Tag: groente

De teloorgang van Colruyt

Op internet slaat Colruyt me voortdurend om de oren met dit bericht:

Colruyt2

Nu ben ik sinds jaar en dag klant bij dat bedrijf, waar ik maandelijks een slordige vijfhonderd euro besteed, al gebeurt dat de laatste tijd met aanzienlijk minder enthousiasme.Ze laten immers steeds vaker steken vallen:

─  artikelen die ik pleeg aan te schaffen, verdwijnen plots en onaangekondigd uit het assortiment en keren nooit meer terug;
─ het aantal lege rekken neemt stelselmatig toe, naar verluidt omdat ze bij leveranciers niet de gewenste prijs kunnen bedingen;
─  de kwaliteit van wat ze aan fruit en groente aanbieden, laat zeer te wensen over.

Bij mijn laatste bezoek kocht ik onder meer:
– Pruimen … die gewoon niet te pruimen waren.
– Witte druiven … die enkel als pitloze variant beschikbaar waren en waar kraak noch smaak aan zat. Echt een foute hap.
– Gele kiwi’s … die pas na een eeuwigheid rijp zijn en zelfs dan nog een lamentabel resultaat opleveren.
– Bananen … die weliswaar eetbaar zijn, maar geenszins het niveau van Chiquita of Fyffes halen.

Colruyt betrekt fruit en groente grotendeels bij een handelaar die Papillon heet en uitpakt met een nogal onnozele slogan: “fruitzinnig lekker fruit”.

Fruitzinnig lekker?! Hoe verzinnen ze het en daar klopt dus geen ene donder van. Minderwaardig spul, dat is wat ze verkopen.

Ik ga voortaan wel naar een groenteboer.

Dat ruimt lekker op

Jopididoe! Wat keken we blij gisterenmorgen. Mijn hart zong op van vreugde toen ik me gezapig, want fietsend, door het bedaarde West-Vlaamse landschap voortbewoog, want ze zijn er eindelijk aan begonnen, zij het op treuzelige wijze.

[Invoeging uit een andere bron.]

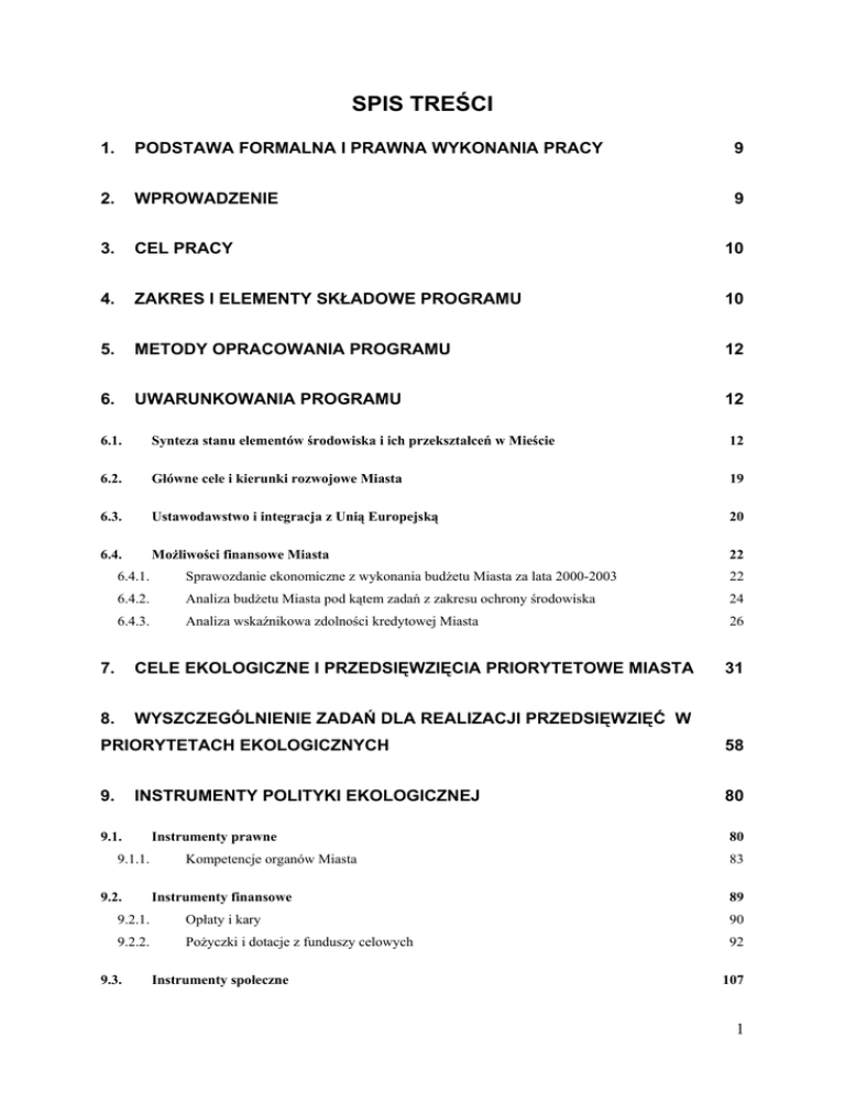 SPIS TREŚCI 1. PODSTAWA FORMALNA I PRAWNA WYKONANIA PRACY 9 2. WPROWADZENIE 9 3. CEL PRACY 10 4. ZAKRES I ELEMENTY SKŁADOWE PROGRAMU 10 5. METODY OPRACOWANIA PROGRAMU 12 6. UWARUNKOWANIA PROGRAMU 12 6.1. Synteza stanu elementów środowiska i ich przekształceń w Mieście 12 6.2. Główne cele i kierunki rozwojowe Miasta 19 6.3. Ustawodawstwo i integracja z Unią Europejską 20 6.4. Możliwości finansowe Miasta 22 6.4.1. Sprawozdanie ekonomiczne z wykonania budżetu Miasta za lata 2000-2003 22 6.4.2. Analiza budżetu Miasta pod kątem zadań z zakresu ochrony środowiska 24 6.4.3. Analiza wskaźnikowa zdolności kredytowej Miasta 26 7. CELE EKOLOGICZNE I PRZEDSIĘWZIĘCIA PRIORYTETOWE MIASTA 8. WYSZCZEGÓLNIENIE ZADAŃ DLA REALIZACJI PRZEDSIĘWZIĘĆ W 31 PRIORYTETACH EKOLOGICZNYCH 58 9. 80 INSTRUMENTY POLITYKI EKOLOGICZNEJ 9.1. 9.1.1. 9.2. Instrumenty prawne Kompetencje organów Miasta 80 83 Instrumenty finansowe 89 9.2.1. Opłaty i kary 90 9.2.2. Pożyczki i dotacje z funduszy celowych 92 9.3. Instrumenty społeczne 107 1 9.3.1. Współpraca 107 9.3.2. Informacja i komunikowanie 108 9.3.3. Edukacja ekologiczna 109 Instrumenty strukturalne 109 9.4. 10. ORGANIZACJA ZARZĄDZANIA PROGRAMEM 111 11. MONITORING JAKOŚCI ŚRODOWISKA I POLITYKI EKOLOGICZNEJ 116 11. 1. Rola monitoringu 116 11.2. Państwowy monitoring ochrony środowiska 117 11.3. Monitoring jakości środowiska na terenie Miasta 118 11.3.1. Monitoring wód 118 11.3.2. Monitoring gleb 120 11.3.3. Monitoring powietrza 120 11.4. Monitoring wdrażania programu 121 12. HARMONOGRAM WDRAŻANIA PROGRAMU 127 13. PODSUMOWANIE 130 2 SPIS TABLIC Tablica 6.1. Synteza stanu elementów środowiska i ich przekształceń w Siemianowicach Śląskich ............................................................................................................... 13 Tablica 6.2. Syntetyczne zestawienie źródeł dochodów i wydatków budżetowych Siemianowic Śląskich w latach 2000 – 2003...................................................... 23 Tablica 6.3. Wykaz zaciągniętych kredytów i pożyczek przez Siemianowice Śląskie w latach 2000-2003 ........................................................................................................... 24 Tablica 6.4. Wydatki przeznaczone na ochronę środowiska w budżecie Siemianowic Śląskich 25 Tablica 6.5. Wskaźniki finansowe dla oceny zdolności kredytowej Siemianowic Śląskich ... 27 Tablica 6.6. Wskaźnik dochodowości dla wybranych gmin (miast na prawach powiatu) województwa śląskiego....................................................................................... 29 Tablica 7.1. Zestawienie celów i priorytetów ekologicznych Siemianowic Śląskich na lata 2004-2011 ........................................................................................................... 31 Tablica 7.2. Cele ekologiczne programu ochrony środowiska województwa śląskiego, w których realizacji uczestniczą Siemianowice Śląskie ..................................... 37 Tablica 7.3. Cele i priorytety ekologiczne Siemianowic Śląskich na tle polityki ekologicznej państwa oraz strategii rozwoju województwa śląskiego..................................... 39 Tablica 8.1. Zadania inwestycyjne z zakresu ochrony środowiska realizowane przez Siemianowice Śląskie w latach 2004-2011........................................................ 61 Tablica 8.2. Lista zadań inwestycyjnych z zakresu ochrony środowiska planowanych do realizacji przez przedsiębiorstwa na terenie Siemianowic Śląskich w latach 2004-2011 ........................................................................................................... 71 Tablica 10.1. Zarządzanie środowiskiem w Siemianowicach Śląskich.................................. 115 Tablica 11.1. Proponowane wskaźniki główne oceny stanu środowiska ............................... 122 Tablica 11.2. Proponowane wskaźniki pozostałe oceny stanu środowiska ............................ 126 Tablica 12.1. Harmonogram wdrażania „Programu ochrony środowiska dla miasta Siemianowice Śląskie”...................................................................................... 128 Tablica 12.2. Wykaz przedsięwzięć do realizacji dotyczących gospodarki odpadami w Siemianowicach Śląskich w latach 2004 – 2015 ......................................... 129 3 SPIS RYSUNKÓW Rys. 1. Wydatki w budżecie Siemianowic Śląskich na inwestycje i działalność bieżącą w zakresie ochrony środowiska [mln zł]............................................................... 26 Rys. 2. Wskaźnik dochodowości [zł/M] w miastach na prawach powiatu w województwie śląskim dla roku 2000 i 2001 ................................................................................ 30 Rys. 3. Schemat zarządzania programem ochrony środowiska ........................................ 114 4 WYKAZ ZASTOSOWANYCH TERMINÓW I SKRÓTÓW Terminy Termin 1 acquis communautaire allochtoniczny antropopresja Biochemiczne Zapotrzebowanie Tlenu (BZT) Chemiczne Zapotrzebowanie Tlenu (ChZT) dB (decybel) degradacja środowiska EMAS emisja niezorganizowana emisja zorganizowana ex ant ex post ex situ implementacja in situ miano coli nadzwyczajne zagrożenie środowiska najlepsza dostępna technika Definicja 2 dorobek prawny Unii Europejskiej obcy, pochodzący z zewnątrz, z innego środowiska lub obszaru czynnik lub składnik nasilające się oddziaływanie człowieka na komponenty środowiska poprzez nie w pełni kontrolowane, uboczne efekty działalności gospodarczej wskaźnik zanieczyszczenia wód oznaczający ilość tlenu zużywanego do mineralizacji (utleniania) związków organicznych zawartych w zanieczyszczonej wodzie, stosowany najczęściej do oznaczenia ilości ścieków organicznych umowny wskaźnik zanieczyszczenia wód związkami organicznymi i niektórymi nieorganicznymi (sole żelazawe, azotyny, siarczki itp., związki redukujące), oznaczający ilość tlenu (w m

Ik heb het over het rooien, het oogsten, het hakselen … ja, hoe heet dat kortwieken van mais eigenlijk? Tijdens mijn fietstocht zag ik namelijk twee niets ontziende machines, die zich meedogenloos een weg door dat gewas baanden en de hoogbenige stengels neermaaiden als waren het lucifershoutjes. Opgekrast staat netjes, al kan men het stoppelveld dat achterblijft bezwaarlijk met een schoonheidsprijs bedenken.

Ik haat mais vanuit mijn tenen. Die beplanting belemmert in niet geringe mate mijn kijk op de wereld en op kruispunten is het een ronduit gevaarlijke uitzichtbelemmering.

Nu nog het suikerriet en het bamboe … en ik ben helemaal in mijn knollentuin.

maisoogst

Ik vraag maar raak

Ik houd me al bijna mijn hele leven onledig met het uitzoeken van prangende kwesties: vragen waarop ik pas na flink wat vijven en zessen en dan nog mondjesmaat een enigszins afdoend antwoord vermag te verzinnen.

Zo heb ik me bijvoorbeeld het ongans gezocht naar de verschillen tussen een gans en een eend, tussen een boot en een schip, of tussen een rivier en een stroom. Tegenwoordig probeer ik uit te vogelen wanneer ik tijdens het koken in een gerecht uien dan wel sjalotten dien te gebruiken. Ik raak er maar niet wijs uit.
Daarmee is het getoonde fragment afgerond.